### Exercise directions
In full and word for word, print the data below.
________________________________________
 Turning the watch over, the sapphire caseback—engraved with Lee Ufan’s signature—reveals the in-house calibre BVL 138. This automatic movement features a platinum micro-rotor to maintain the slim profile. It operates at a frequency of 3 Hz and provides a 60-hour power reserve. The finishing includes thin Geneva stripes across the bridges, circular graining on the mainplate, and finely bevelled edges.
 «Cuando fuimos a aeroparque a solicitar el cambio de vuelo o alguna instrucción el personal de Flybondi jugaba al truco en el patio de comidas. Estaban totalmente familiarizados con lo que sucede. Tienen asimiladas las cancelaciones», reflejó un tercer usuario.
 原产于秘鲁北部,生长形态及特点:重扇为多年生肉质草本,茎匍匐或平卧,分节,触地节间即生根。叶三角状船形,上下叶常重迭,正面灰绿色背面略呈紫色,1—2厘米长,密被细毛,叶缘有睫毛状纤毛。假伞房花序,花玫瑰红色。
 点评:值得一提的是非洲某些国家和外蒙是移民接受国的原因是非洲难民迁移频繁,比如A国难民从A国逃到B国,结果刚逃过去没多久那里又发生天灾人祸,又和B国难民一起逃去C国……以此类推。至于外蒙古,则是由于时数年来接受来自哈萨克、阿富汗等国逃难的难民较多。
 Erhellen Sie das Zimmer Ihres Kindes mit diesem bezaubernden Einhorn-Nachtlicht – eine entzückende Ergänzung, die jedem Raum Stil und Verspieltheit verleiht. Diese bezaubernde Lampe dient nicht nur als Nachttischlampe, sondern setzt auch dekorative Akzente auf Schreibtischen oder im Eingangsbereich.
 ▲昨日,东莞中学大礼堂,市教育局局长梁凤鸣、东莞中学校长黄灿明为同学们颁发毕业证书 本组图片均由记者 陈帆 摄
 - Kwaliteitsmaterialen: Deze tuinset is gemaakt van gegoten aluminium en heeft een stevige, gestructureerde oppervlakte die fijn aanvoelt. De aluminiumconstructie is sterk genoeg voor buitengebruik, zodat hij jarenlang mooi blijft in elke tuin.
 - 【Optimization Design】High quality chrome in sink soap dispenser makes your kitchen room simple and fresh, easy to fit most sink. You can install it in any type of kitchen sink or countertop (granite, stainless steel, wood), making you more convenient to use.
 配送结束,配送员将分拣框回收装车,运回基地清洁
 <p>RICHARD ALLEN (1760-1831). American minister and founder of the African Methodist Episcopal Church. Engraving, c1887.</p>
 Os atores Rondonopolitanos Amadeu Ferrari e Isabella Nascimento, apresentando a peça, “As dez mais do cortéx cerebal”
________________________________________
### Answer section
 Turning the watch over, the sapphire caseback—engraved with Lee Ufan’s signature—reveals the in-house calibre BVL 138. This automatic movement features a platinum micro-rotor to maintain the slim profile. It operates at a frequency of 3 Hz and provides a 60-hour power reserve. The finishing includes thin Geneva stripes across the bridges, circular graining on the mainplate, and finely bevelled edges.
 «Cuando fuimos a aeroparque a solicitar el cambio de vuelo o alguna instrucción el personal de Flybondi jugaba al truco en el patio de comidas. Estaban totalmente familiarizados con lo que sucede. Tienen asimiladas las cancelaciones», reflejó un tercer usuario.
 原产于秘鲁北部,生长形态及特点:重扇为多年生肉质草本,茎匍匐或平卧,分节,触地节间即生根。叶三角状船形,上下叶常重迭,正面灰绿色背面略呈紫色,1—2厘米长,密被细毛,叶缘有睫毛状纤毛。假伞房花序,花玫瑰红色。
 点评:值得一提的是非洲某些国家和外蒙是移民接受国的原因是非洲难民迁移频繁,比如A国难民从A国逃到B国,结果刚逃过去没多久那里又发生天灾人祸,又和B国难民一起逃去C国……以此类推。至于外蒙古,则是由于时数年来接受来自哈萨克、阿富汗等国逃难的难民较多。
 Erhellen Sie das Zimmer Ihres Kindes mit diesem bezaubernden Einhorn-Nachtlicht – eine entzückende Ergänzung, die jedem Raum Stil und Verspieltheit verleiht. Diese bezaubernde Lampe dient nicht nur als Nachttischlampe, sondern setzt auch dekorative Akzente auf Schreibtischen oder im Eingangsbereich.
 ▲昨日,东莞中学大礼堂,市教育局局长梁凤鸣、东莞中学校长黄灿明为同学们颁发毕业证书 本组图片均由记者 陈帆 摄
 - Kwaliteitsmaterialen: Deze tuinset is gemaakt van gegoten aluminium en heeft een stevige, gestructureerde oppervlakte die fijn aanvoelt. De aluminiumconstructie is sterk genoeg voor buitengebruik, zodat hij jarenlang mooi blijft in elke tuin.
 - 【Optimization Design】High quality chrome in sink soap dispenser makes your kitchen room simple and fresh, easy to fit most sink. You can install it in any type of kitchen sink or countertop (granite, stainless steel, wood), making you more convenient to use.
 配送结束,配送员将分拣框回收装车,运回基地清洁
 <p>RICHARD ALLEN (1760-1831). American minister and founder of the African Methodist Episcopal Church. Engraving, c1887.</p>
 Os atores Rondonopolitanos Amadeu Ferrari e Isabella Nascimento, apresentando a peça, “As dez mais do cortéx cerebal”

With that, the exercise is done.